Clara. Never mind! And then I think when he is with me I am never hungry; so he cannot, I should think, have any great appetite when I am with him.
Egmont. Do you think so? (Clara stamps with her foot and turns pettishly away.) What ails you?
Clara. How cold you are to-day! You have not yet offered me a kiss. Why do you keep your arms enveloped in your mantle, like a new-born babe? It becomes neither a soldier nor a lover to keep his arms muffled up.
Egmont. Sometimes, dearest, sometimes. When the soldier stands in ambush and would delude the foe, he collects his thoughts, gathers his mantle around him, and matures his plan and a lover—
Mother. Will you not take a seat, and make yourself comfortable? I must to the kitchen, Clara thinks of nothing when you are here. You must put up with what we have.
Egmont. Your good-will is the best seasoning.
Clara. And what then is my love?
Egmont. Just what thou wilt.
Clara. Liken it to anything, if you have the heart.

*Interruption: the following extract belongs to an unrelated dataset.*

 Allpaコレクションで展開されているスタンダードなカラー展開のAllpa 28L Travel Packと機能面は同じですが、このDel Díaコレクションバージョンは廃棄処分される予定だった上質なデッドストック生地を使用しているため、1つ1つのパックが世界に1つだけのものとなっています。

Egmont. But first. (He flings aside his mantle, and appears arrayed in a magnificent dress.)
Clara. Oh heavens!
Egmont. Now my arms are free! (Embraces her.)
Clara. Don’t! You will spoil your dress. (She steps back.) How magnificent! I dare not touch you.

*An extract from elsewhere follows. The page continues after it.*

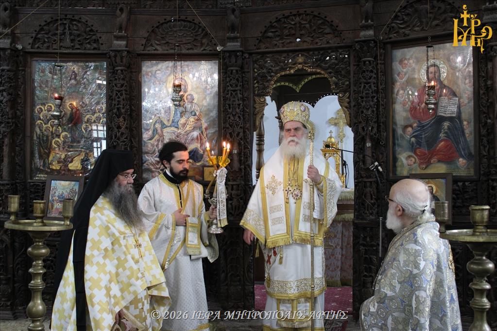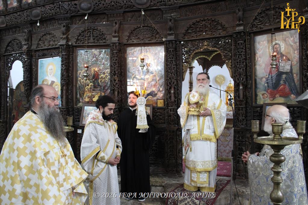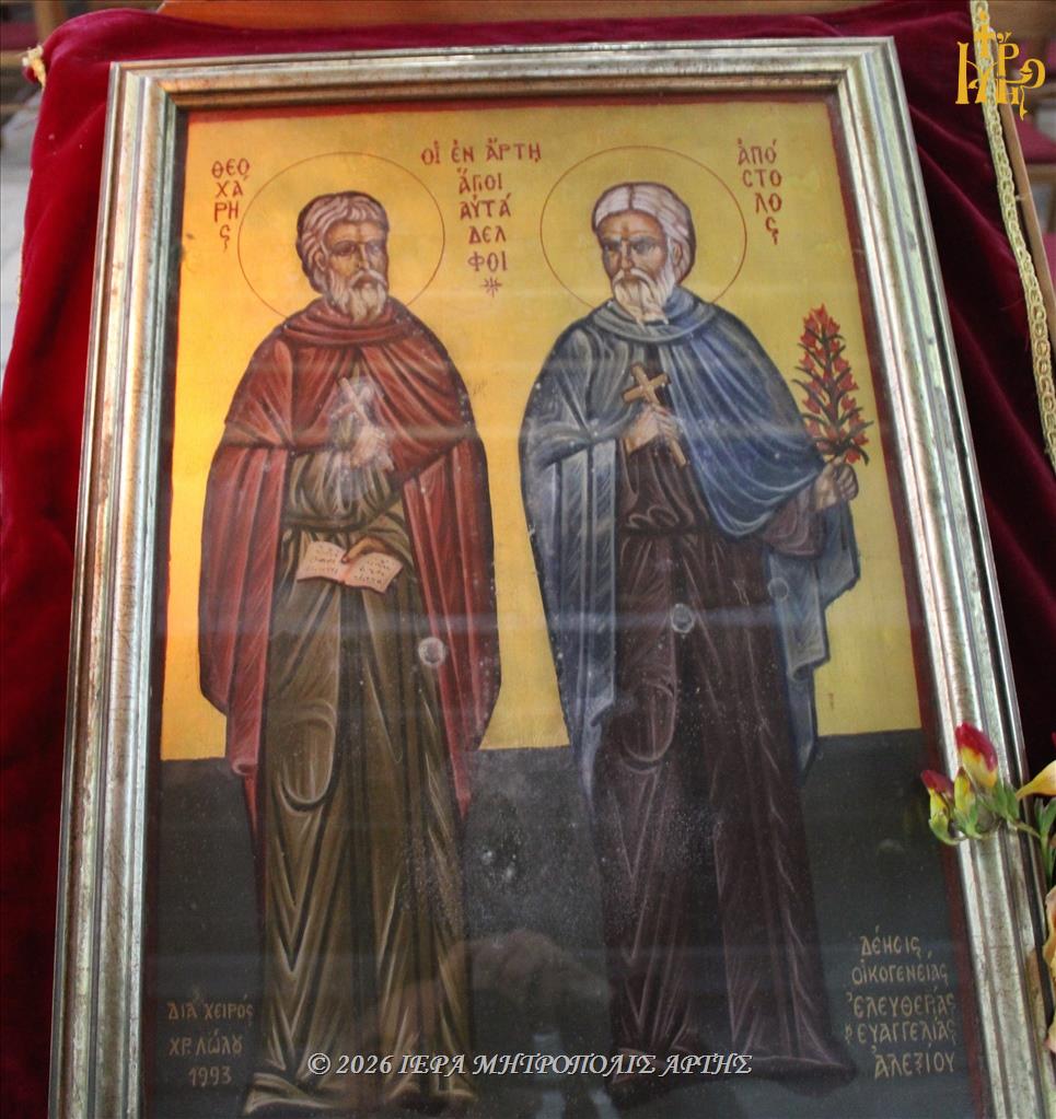 Την Τετάρτη της Διακαινησίμου, 15 Απριλίου 2026, το πρωΐ, επί τη μνήμη των Οσίων Αυταδέλφων Θεοχάρους και Αποστόλου των εν Άρτη, ετελέσθη Θεία Λειτουργία στον Ιερό Ναό της Αγίας Σοφίας Άρτης, όπου φυλάσσεται η Εικόνα των Αγίων, ιερουργούντος του Σεβασμιωτάτου Μητροπολίτου Άρτης κ. Καλλινίκου.

Egmont. Art thou satisfied? I promised to come once arrayed in Spanish fashion.
Clara. I had ceased to remind you of it; I thought you did not like it—ah, and the Golden Fleece!
Egmont. Thou seest it now.
Clara. And did the emperor really hang it round thy neck!

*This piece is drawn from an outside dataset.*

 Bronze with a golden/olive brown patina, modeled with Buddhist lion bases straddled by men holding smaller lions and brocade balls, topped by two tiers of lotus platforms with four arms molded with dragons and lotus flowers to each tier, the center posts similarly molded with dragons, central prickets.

Egmont. He did, my child! And this chain and Order invest the wearer with the noblest privileges. On earth I acknowledge no judge over my actions, except the grand master of the Order, with the assembled chapter of knights.
Clara. Oh, thou mightest let the whole world sit in judgment over thee. The velvet is too splendid! and the braiding! and the embroidery! One knows not where to begin.
Egmont. There, look thy fill.
Clara. And the Golden Fleece! You told me its history, and said it is the symbol of everything great and precious, of everything that can be merited and won by diligence and toil. It is very precious—I may liken it to thy love;—even so I wear it next my heart;—and then—
Egmont. What wilt thou say?
Clara. And then again it is not like.
Egmont. How so?
Clara. I have not won it by diligence and toil, I have not deserved it.
Egmont. It is otherwise in love. Thou dost deserve it because thou hast not sought it—and, for the most part, those only obtain love who seek it not.
Clara. Is it from thine own experience that thou hast learned this? Didst thou make that proud remark in reference to thyself? Thou, whom all the people love?